As he laid in pain on the stones, a message flashed in his eyes:

<<<>>>

Good job! Karmic Gauge increased by 1%. You didn’t crush the little darling mouse in your hand!

Current Karmic Gauge: 2% (Still Dark red and flashing)

<<<>>>

Sal groaned. “Ugh. By the Abyssmuck, that hurt!”

The mouse wiggled a little in his hand. “Like I keep saying. Super cursed. You’re going to have to deal with that, right away, before you open for business.”

Sal got to his feet. “I’m a fricking Dark Lord. I’m not opening a tavern.”

“No, you won’t be opening a tavern. All those tower climbers coming in, getting drunk, and getting in a fight. You’d murder someone at some point, and that wouldn’t be good for me. Because, hey, we’re in this together, buddy. And you need some major coinage for chocolate-chip cookies. My appetite has only grown over the millennia.”

Away from the cursed place, Sal felt better. Glancing up, he noticed two things. There was the silhouette of someone in the window upstairs. It was probably the source of clanking and scraping and moaning. There was no telling the gender of the apparition, and second later, it was gone.

Super cursed. Verily.

The second thing he saw?

There was a tower rising up from the center of the city, where the Palace of Despair had been. The tower disappeared into the sky, impossibly tall, impossibly round, with glass windows at intervals as far as the eye could see.

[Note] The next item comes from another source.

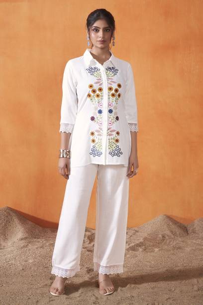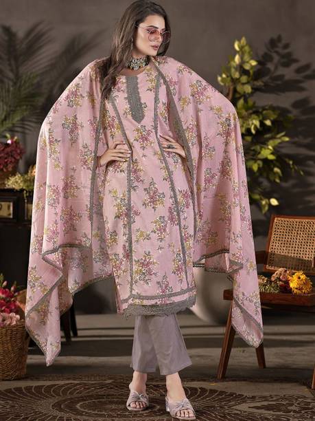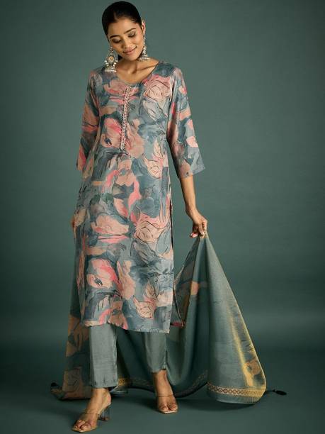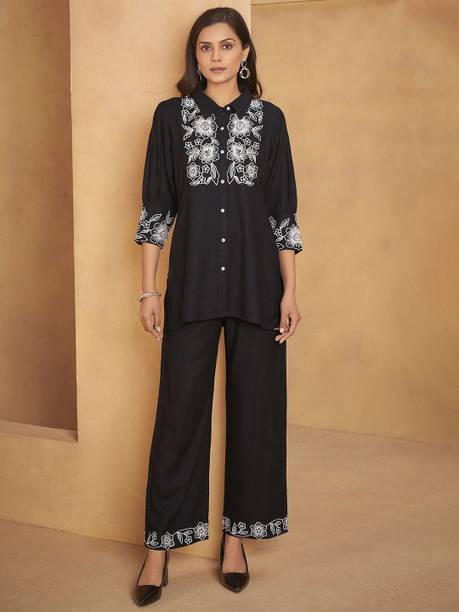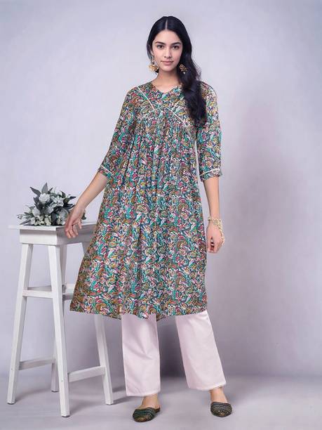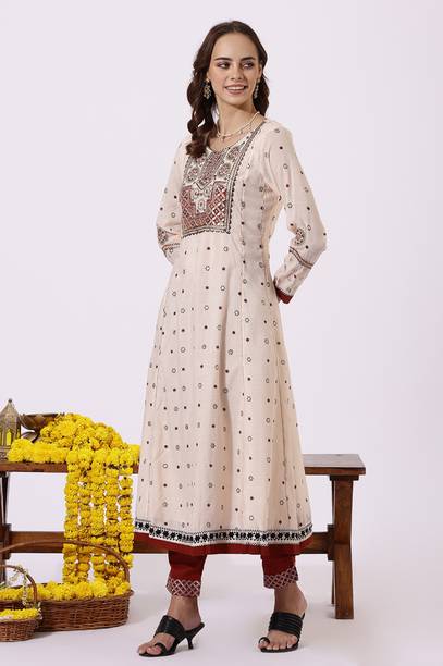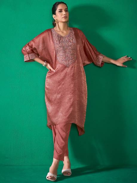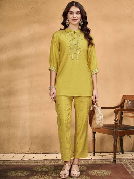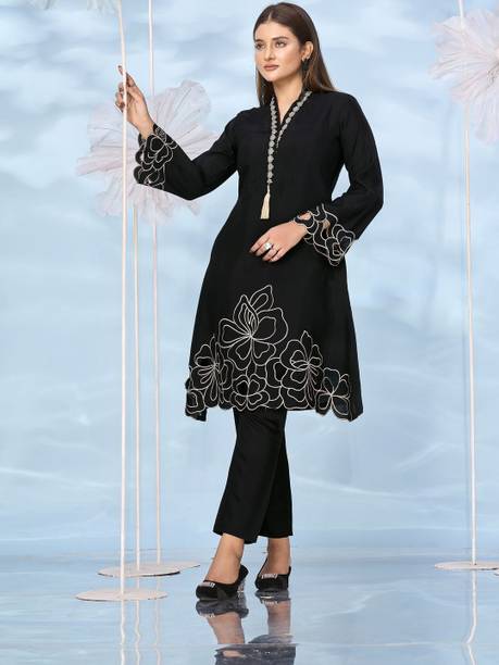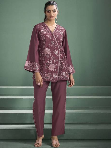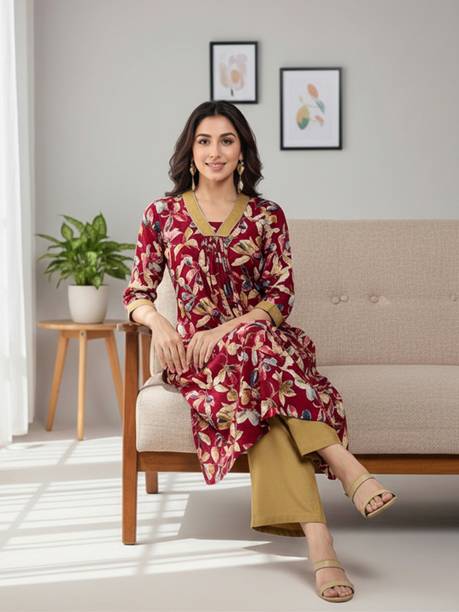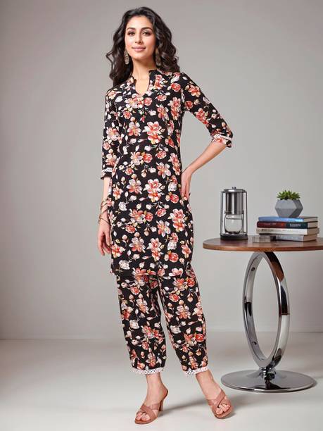 Women Viscose Rayon Kurti Pant Ethnic Jacket Set

Many of the windows were lit up with a buttery light, but the portal nearest to him were dark as the grave.

“What is that?” he murmured to himself.

Betty laughed. “Such a noob! Getting you up to speed isn’t going to be easy.”

Despite his status as a former frickin’ Dark Lord, the words hurt Sal’s feelings. He did have a lot to learn, and he hated knowing so little after knowing so much.